Miss Junk made a queer answer. "I'm glad enough to see her marry anyone respectable, let alone a gent, as you truly are, with stone figgers in churches and a handsome face, though rather dark for my liking. Mr.
Beecot, twenty year ago, a slip of ten, I come to nuss the baby as was my loving angel upstairs, and her ma had just pa.s.sed away to jine them as lives overhead playing harps. All these years I've never heard a young step on them stairs, save Miss Sylvia's and Bart's, him having come five years ago, and a brat he was. And would you believe it, Mr.
Beecot, I know no more of the old man than you do. He's queer, and he's wrong altogether, and that frightened of being alone in the dark as you could make him a corp with a turnip lantern."
"What is he afraid of?"
"Ah," said Deborah, significantly, "what indeed? It may be police and it may be ghosts, but, ghosts or police, he never ses what he oughter say if he's a respectable man, which I sadly fear he ain't."

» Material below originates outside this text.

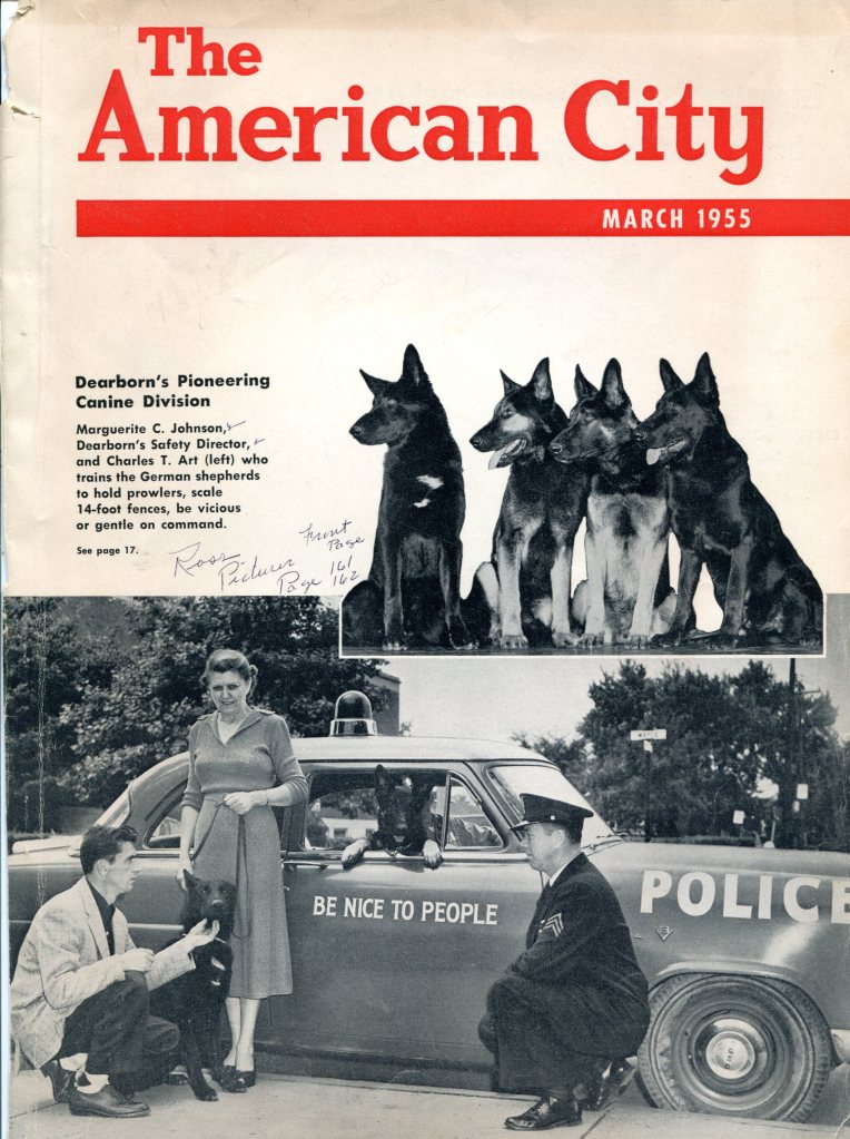 During 1955, Dearborn became one of the first cities in the US to acquire dogs for use by its police department. While the program was popular, the initial experiment lasted only 10 months as it was deemed Dearborn didn’t have enough use for the dogs. The four dogs acquired by Dearborn were later sold to Portland Oregon.

"He may have his reasons to--"
Miss Junk tossed her head and snorted again loudly. "Oh, yes--he has his reasons," she admitted, "and Old Bailey ones they are, I dessay. But there's somethin' 'anging over his head. Don't ask me what it is, fur never shall you know, by reason of my being ignorant. But whatever it is, Mr. Beecot, it's something wicked, and shall I see my own pretty in trouble?"
"How do you know there will be trouble?" interrupted Paul, anxiously.

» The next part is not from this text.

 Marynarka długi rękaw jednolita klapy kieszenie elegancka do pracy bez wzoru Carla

"I've heard him pray," said Miss Junk, mysteriously--"yes, you may look, for there ain't no prayer in the crafty eye of him--but pray he do, and asks to be kept from danger--"
"Danger?"
"Danger's the word, for I won't deceive you, no, not if you paid me better wages than the old man do give and he's as near as the paring of an inion. So I ses to Bart, if there's danger and trouble and Old Baileys about, the sooner Miss Sylvia have some dear man to give her a decent name and pertect her the more happy old Deborah will be. So I looked and looked for what you might call a fairy prince as I've heard tell of in pantomimes, and when you comes she loses her heart to you. So I ses, find out, Bart, what he is, and--"
"Yes, yes, I see. Well, Deborah, you can depend upon my looking after your pretty mistress. If I were only reconciled with my father I would speak to Mr. Norman."
"Don't, sir--don't!" cried the woman, fiercely, and making a clutch at Paul's arm; "he'll turn you out, he will, not being anxious fur anyone to have my flower, though love her as he oughter do, he don't, no,"
cried Deborah, "nor her ma before her, who died with a starvin' 'eart.
But you run away with my sweetest and make her your own, though her pa swears thunderbolts as you may say. Take her from this place of wickedness and police-courts." And Deborah looked round the cellar with a shudder. Suddenly she started and held up her finger, nodding towards a narrow door at the side of the cellar. "Master's footstep," she said in a harsh whisper. "I'd know it in a thousand--just like a thief's, ain't it?--stealing as you might say. Don't tell him you've seen me."
"But Sylvia," cried Paul, catching her dress as she pa.s.sed him.
"Her you'll see, if I die for it," said Deborah, and whirled up the wooden steps in a silent manner surprising in so noisy a woman. Paul heard the trap-door drop with a stealthy creak.